AIM OF THE TASK: Return each of the entries below precisely, with no pictures in the result.

Records from a dataset
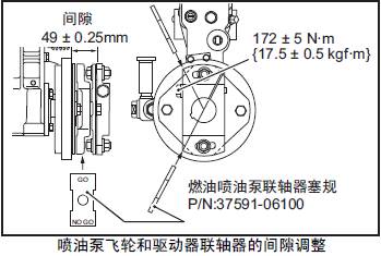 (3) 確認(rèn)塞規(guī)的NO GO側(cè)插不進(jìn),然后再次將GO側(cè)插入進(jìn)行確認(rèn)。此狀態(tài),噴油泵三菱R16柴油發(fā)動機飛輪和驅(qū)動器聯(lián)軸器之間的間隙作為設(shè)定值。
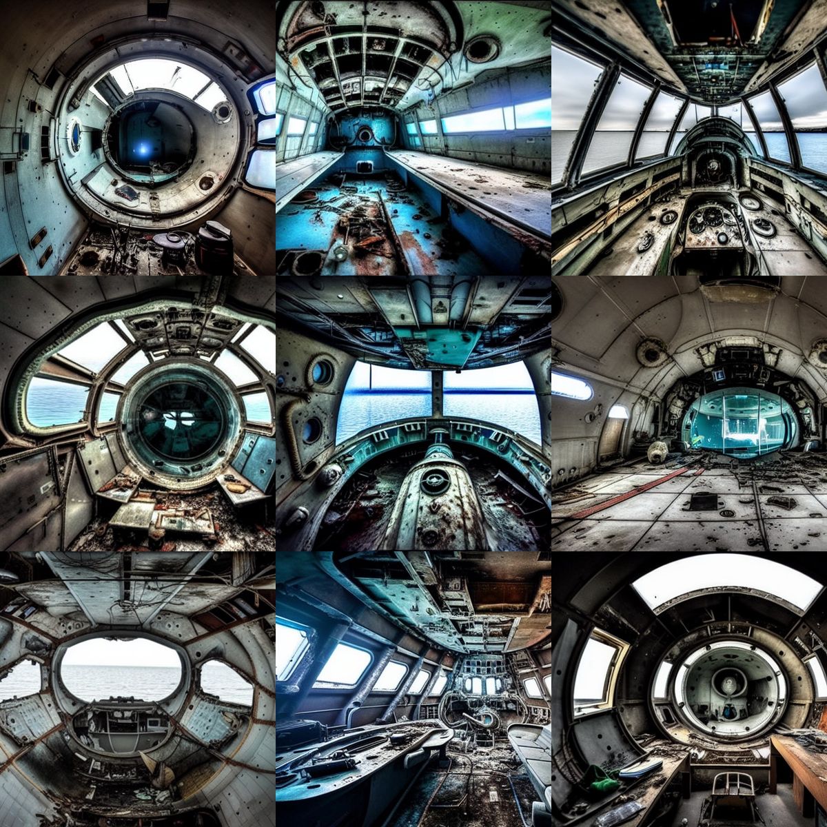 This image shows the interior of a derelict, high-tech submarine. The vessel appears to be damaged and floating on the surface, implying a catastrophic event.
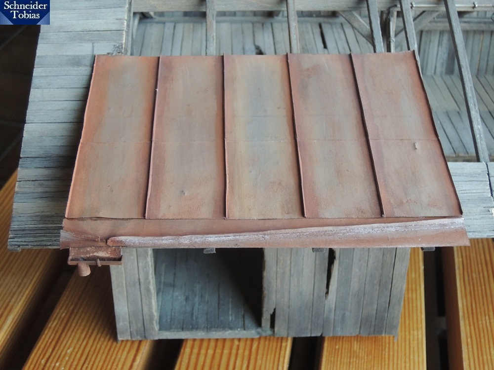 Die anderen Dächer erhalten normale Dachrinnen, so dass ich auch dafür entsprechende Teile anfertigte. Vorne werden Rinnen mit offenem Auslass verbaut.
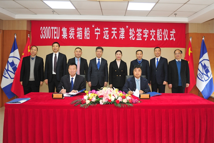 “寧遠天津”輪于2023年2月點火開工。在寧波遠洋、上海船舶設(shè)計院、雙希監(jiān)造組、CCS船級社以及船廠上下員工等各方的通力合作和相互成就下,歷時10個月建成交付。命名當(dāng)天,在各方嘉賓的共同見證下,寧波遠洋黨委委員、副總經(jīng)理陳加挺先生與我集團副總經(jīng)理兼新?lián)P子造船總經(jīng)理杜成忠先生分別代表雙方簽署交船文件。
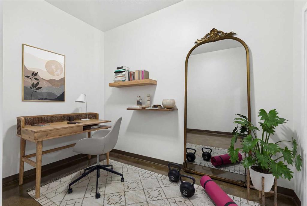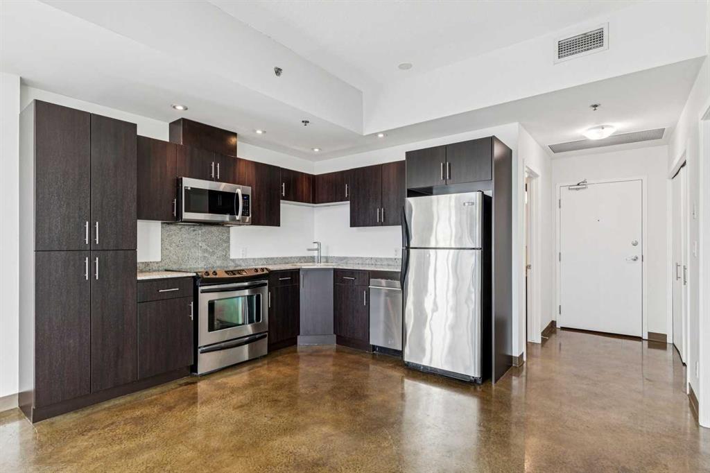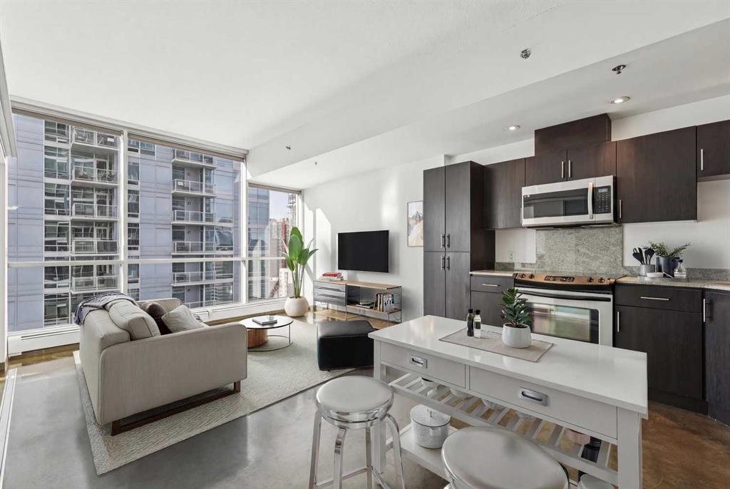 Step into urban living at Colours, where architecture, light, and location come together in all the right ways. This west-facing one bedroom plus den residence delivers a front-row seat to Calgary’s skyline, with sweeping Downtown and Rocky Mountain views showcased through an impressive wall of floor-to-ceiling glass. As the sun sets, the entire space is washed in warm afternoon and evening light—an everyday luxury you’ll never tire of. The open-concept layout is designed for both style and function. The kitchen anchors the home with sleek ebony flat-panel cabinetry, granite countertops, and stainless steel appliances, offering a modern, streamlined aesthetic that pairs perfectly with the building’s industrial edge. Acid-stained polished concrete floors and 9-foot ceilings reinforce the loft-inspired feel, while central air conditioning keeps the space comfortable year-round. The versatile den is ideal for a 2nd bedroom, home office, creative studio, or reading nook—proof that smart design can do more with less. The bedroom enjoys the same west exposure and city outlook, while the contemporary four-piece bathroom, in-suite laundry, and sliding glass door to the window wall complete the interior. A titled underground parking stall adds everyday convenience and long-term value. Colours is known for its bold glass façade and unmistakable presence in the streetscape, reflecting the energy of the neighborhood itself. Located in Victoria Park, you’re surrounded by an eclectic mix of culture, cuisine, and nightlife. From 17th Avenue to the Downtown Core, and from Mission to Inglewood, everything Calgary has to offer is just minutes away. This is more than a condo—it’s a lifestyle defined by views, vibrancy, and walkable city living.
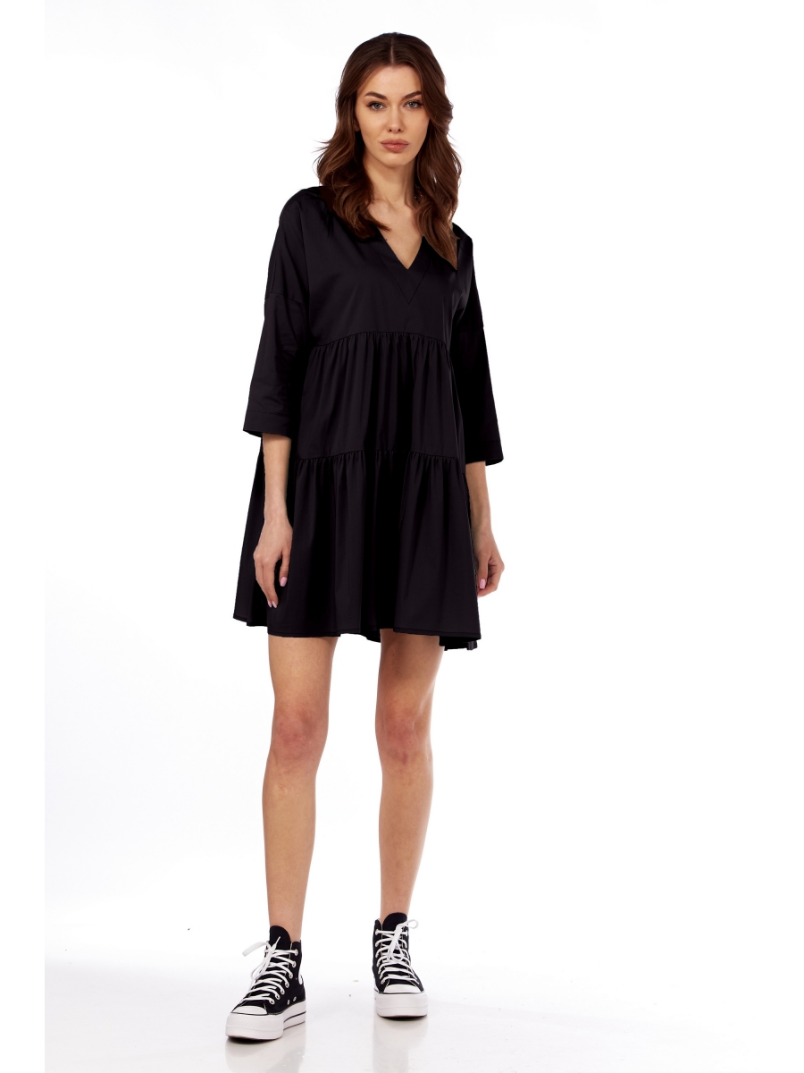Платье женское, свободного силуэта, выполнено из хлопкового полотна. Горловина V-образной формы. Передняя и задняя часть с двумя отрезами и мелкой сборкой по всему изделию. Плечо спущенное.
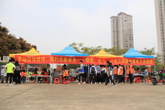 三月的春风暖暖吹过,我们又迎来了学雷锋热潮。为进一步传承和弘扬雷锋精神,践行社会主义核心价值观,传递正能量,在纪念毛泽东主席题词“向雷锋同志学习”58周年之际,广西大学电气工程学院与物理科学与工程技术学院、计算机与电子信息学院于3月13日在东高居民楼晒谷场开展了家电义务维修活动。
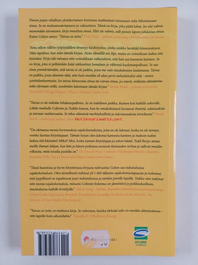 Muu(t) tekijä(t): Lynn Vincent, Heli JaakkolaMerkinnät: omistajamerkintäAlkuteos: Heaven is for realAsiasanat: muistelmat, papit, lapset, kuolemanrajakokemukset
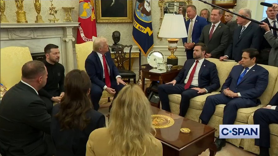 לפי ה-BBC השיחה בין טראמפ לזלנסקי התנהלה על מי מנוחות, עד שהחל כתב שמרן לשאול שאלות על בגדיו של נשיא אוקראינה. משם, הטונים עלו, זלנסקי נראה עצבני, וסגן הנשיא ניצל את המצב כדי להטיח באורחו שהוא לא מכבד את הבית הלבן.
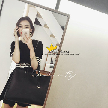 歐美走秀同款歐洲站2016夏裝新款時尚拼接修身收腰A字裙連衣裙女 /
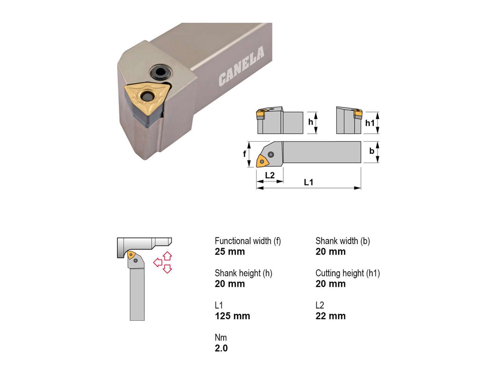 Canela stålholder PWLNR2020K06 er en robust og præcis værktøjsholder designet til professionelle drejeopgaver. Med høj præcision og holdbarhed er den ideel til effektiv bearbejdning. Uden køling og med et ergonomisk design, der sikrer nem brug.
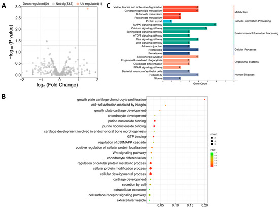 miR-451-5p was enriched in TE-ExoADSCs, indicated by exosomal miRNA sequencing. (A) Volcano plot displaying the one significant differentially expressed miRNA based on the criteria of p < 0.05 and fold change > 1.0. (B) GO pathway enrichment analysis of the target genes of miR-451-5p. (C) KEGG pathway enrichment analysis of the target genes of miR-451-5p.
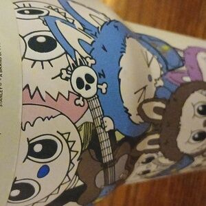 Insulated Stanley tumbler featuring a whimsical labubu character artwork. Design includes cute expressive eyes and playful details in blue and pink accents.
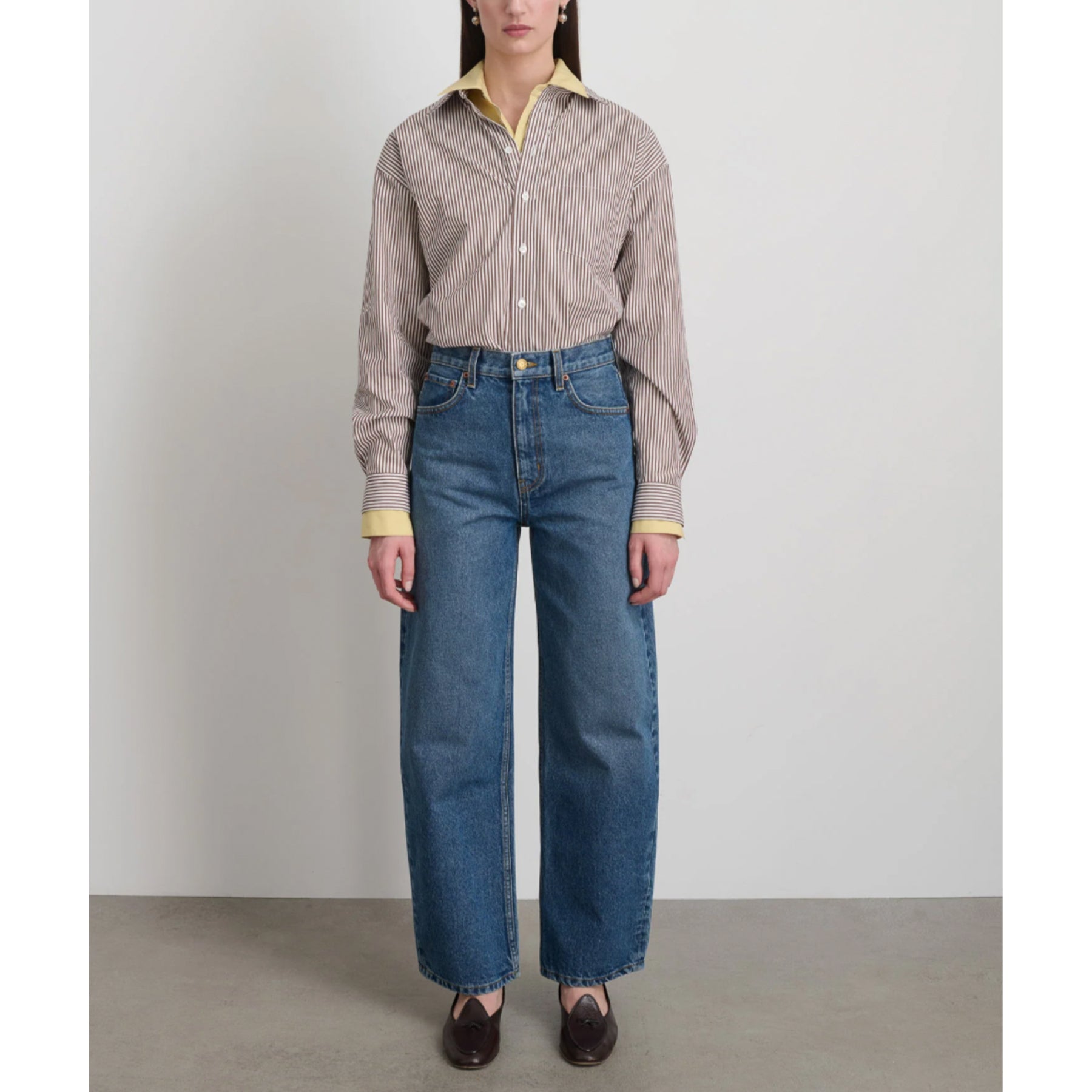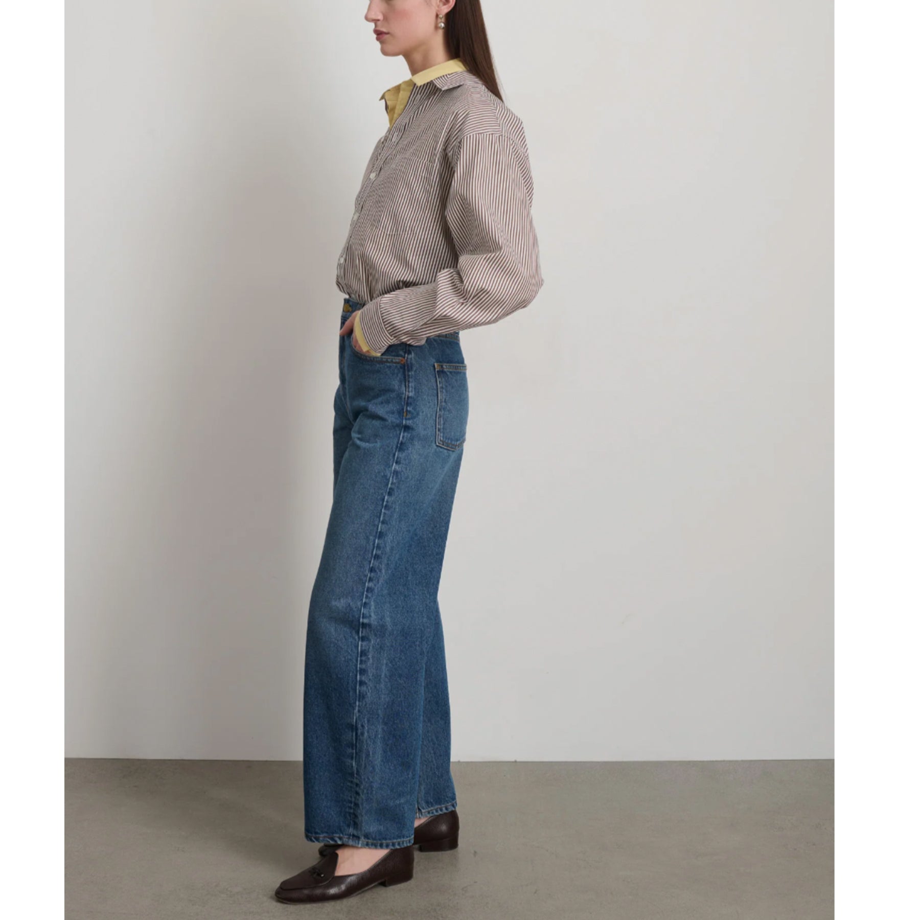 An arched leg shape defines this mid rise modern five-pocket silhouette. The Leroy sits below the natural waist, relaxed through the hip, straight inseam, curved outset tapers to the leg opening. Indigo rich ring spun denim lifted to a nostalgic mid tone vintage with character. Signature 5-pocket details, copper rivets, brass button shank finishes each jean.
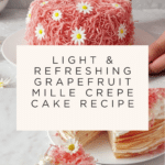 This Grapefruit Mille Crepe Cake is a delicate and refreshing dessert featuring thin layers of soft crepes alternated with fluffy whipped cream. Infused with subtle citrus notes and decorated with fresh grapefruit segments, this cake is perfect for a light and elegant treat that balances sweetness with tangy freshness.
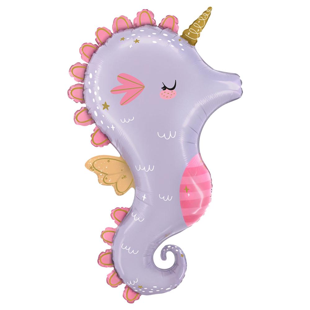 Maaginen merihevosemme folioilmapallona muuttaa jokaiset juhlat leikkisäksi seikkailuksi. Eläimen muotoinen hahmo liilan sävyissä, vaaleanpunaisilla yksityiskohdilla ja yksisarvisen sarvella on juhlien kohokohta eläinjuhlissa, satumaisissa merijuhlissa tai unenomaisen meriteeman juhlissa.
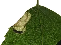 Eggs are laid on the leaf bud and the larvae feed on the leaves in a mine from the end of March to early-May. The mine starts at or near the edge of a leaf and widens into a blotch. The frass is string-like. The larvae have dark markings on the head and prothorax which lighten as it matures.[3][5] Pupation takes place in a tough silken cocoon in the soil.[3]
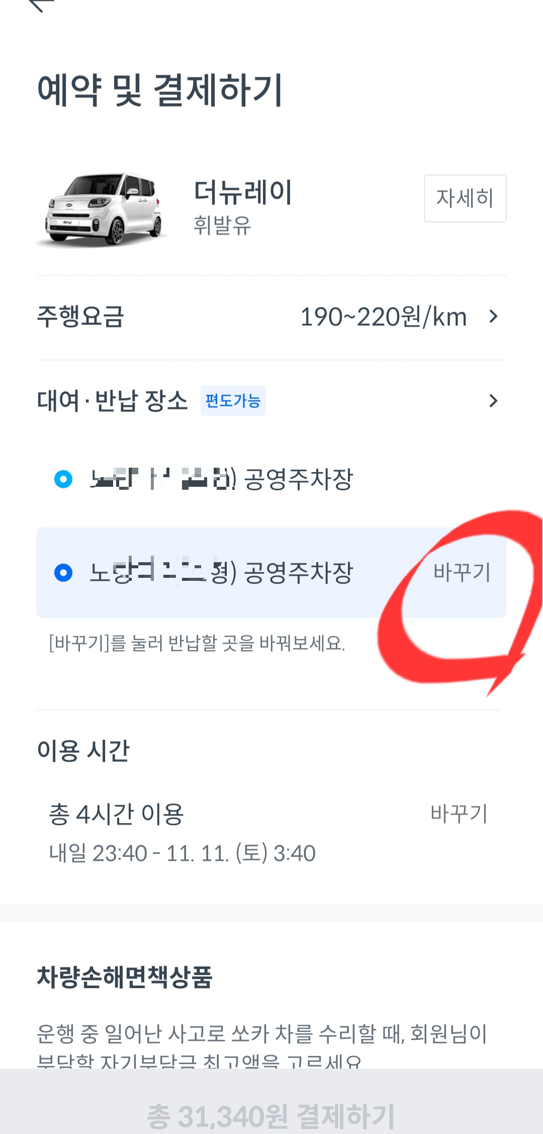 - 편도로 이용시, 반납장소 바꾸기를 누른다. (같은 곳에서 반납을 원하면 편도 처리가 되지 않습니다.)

RESPONSE BOX:
 (3) 確認(rèn)塞規(guī)的NO GO側(cè)插不進(jìn),然后再次將GO側(cè)插入進(jìn)行確認(rèn)。此狀態(tài),噴油泵三菱R16柴油發(fā)動機飛輪和驅(qū)動器聯(lián)軸器之間的間隙作為設(shè)定值。
 This image shows the interior of a derelict, high-tech submarine. The vessel appears to be damaged and floating on the surface, implying a catastrophic event.
 Die anderen Dächer erhalten normale Dachrinnen, so dass ich auch dafür entsprechende Teile anfertigte. Vorne werden Rinnen mit offenem Auslass verbaut.
 “寧遠天津”輪于2023年2月點火開工。在寧波遠洋、上海船舶設(shè)計院、雙希監(jiān)造組、CCS船級社以及船廠上下員工等各方的通力合作和相互成就下,歷時10個月建成交付。命名當(dāng)天,在各方嘉賓的共同見證下,寧波遠洋黨委委員、副總經(jīng)理陳加挺先生與我集團副總經(jīng)理兼新?lián)P子造船總經(jīng)理杜成忠先生分別代表雙方簽署交船文件。
 Step into urban living at Colours, where architecture, light, and location come together in all the right ways. This west-facing one bedroom plus den residence delivers a front-row seat to Calgary’s skyline, with sweeping Downtown and Rocky Mountain views showcased through an impressive wall of floor-to-ceiling glass. As the sun sets, the entire space is washed in warm afternoon and evening light—an everyday luxury you’ll never tire of. The open-concept layout is designed for both style and function. The kitchen anchors the home with sleek ebony flat-panel cabinetry, granite countertops, and stainless steel appliances, offering a modern, streamlined aesthetic that pairs perfectly with the building’s industrial edge. Acid-stained polished concrete floors and 9-foot ceilings reinforce the loft-inspired feel, while central air conditioning keeps the space comfortable year-round. The versatile den is ideal for a 2nd bedroom, home office, creative studio, or reading nook—proof that smart design can do more with less. The bedroom enjoys the same west exposure and city outlook, while the contemporary four-piece bathroom, in-suite laundry, and sliding glass door to the window wall complete the interior. A titled underground parking stall adds everyday convenience and long-term value. Colours is known for its bold glass façade and unmistakable presence in the streetscape, reflecting the energy of the neighborhood itself. Located in Victoria Park, you’re surrounded by an eclectic mix of culture, cuisine, and nightlife. From 17th Avenue to the Downtown Core, and from Mission to Inglewood, everything Calgary has to offer is just minutes away. This is more than a condo—it’s a lifestyle defined by views, vibrancy, and walkable city living.
Платье женское, свободного силуэта, выполнено из хлопкового полотна. Горловина V-образной формы. Передняя и задняя часть с двумя отрезами и мелкой сборкой по всему изделию. Плечо спущенное.
 三月的春风暖暖吹过,我们又迎来了学雷锋热潮。为进一步传承和弘扬雷锋精神,践行社会主义核心价值观,传递正能量,在纪念毛泽东主席题词“向雷锋同志学习”58周年之际,广西大学电气工程学院与物理科学与工程技术学院、计算机与电子信息学院于3月13日在东高居民楼晒谷场开展了家电义务维修活动。
 Muu(t) tekijä(t): Lynn Vincent, Heli JaakkolaMerkinnät: omistajamerkintäAlkuteos: Heaven is for realAsiasanat: muistelmat, papit, lapset, kuolemanrajakokemukset
 לפי ה-BBC השיחה בין טראמפ לזלנסקי התנהלה על מי מנוחות, עד שהחל כתב שמרן לשאול שאלות על בגדיו של נשיא אוקראינה. משם, הטונים עלו, זלנסקי נראה עצבני, וסגן הנשיא ניצל את המצב כדי להטיח באורחו שהוא לא מכבד את הבית הלבן.
 歐美走秀同款歐洲站2016夏裝新款時尚拼接修身收腰A字裙連衣裙女 /
 Canela stålholder PWLNR2020K06 er en robust og præcis værktøjsholder designet til professionelle drejeopgaver. Med høj præcision og holdbarhed er den ideel til effektiv bearbejdning. Uden køling og med et ergonomisk design, der sikrer nem brug.
 miR-451-5p was enriched in TE-ExoADSCs, indicated by exosomal miRNA sequencing. (A) Volcano plot displaying the one significant differentially expressed miRNA based on the criteria of p < 0.05 and fold change > 1.0. (B) GO pathway enrichment analysis of the target genes of miR-451-5p. (C) KEGG pathway enrichment analysis of the target genes of miR-451-5p.
 Insulated Stanley tumbler featuring a whimsical labubu character artwork. Design includes cute expressive eyes and playful details in blue and pink accents.
 An arched leg shape defines this mid rise modern five-pocket silhouette. The Leroy sits below the natural waist, relaxed through the hip, straight inseam, curved outset tapers to the leg opening. Indigo rich ring spun denim lifted to a nostalgic mid tone vintage with character. Signature 5-pocket details, copper rivets, brass button shank finishes each jean.
 This Grapefruit Mille Crepe Cake is a delicate and refreshing dessert featuring thin layers of soft crepes alternated with fluffy whipped cream. Infused with subtle citrus notes and decorated with fresh grapefruit segments, this cake is perfect for a light and elegant treat that balances sweetness with tangy freshness.
 Maaginen merihevosemme folioilmapallona muuttaa jokaiset juhlat leikkisäksi seikkailuksi. Eläimen muotoinen hahmo liilan sävyissä, vaaleanpunaisilla yksityiskohdilla ja yksisarvisen sarvella on juhlien kohokohta eläinjuhlissa, satumaisissa merijuhlissa tai unenomaisen meriteeman juhlissa.
 Eggs are laid on the leaf bud and the larvae feed on the leaves in a mine from the end of March to early-May. The mine starts at or near the edge of a leaf and widens into a blotch. The frass is string-like. The larvae have dark markings on the head and prothorax which lighten as it matures.[3][5] Pupation takes place in a tough silken cocoon in the soil.[3]
 - 편도로 이용시, 반납장소 바꾸기를 누른다. (같은 곳에서 반납을 원하면 편도 처리가 되지 않습니다.)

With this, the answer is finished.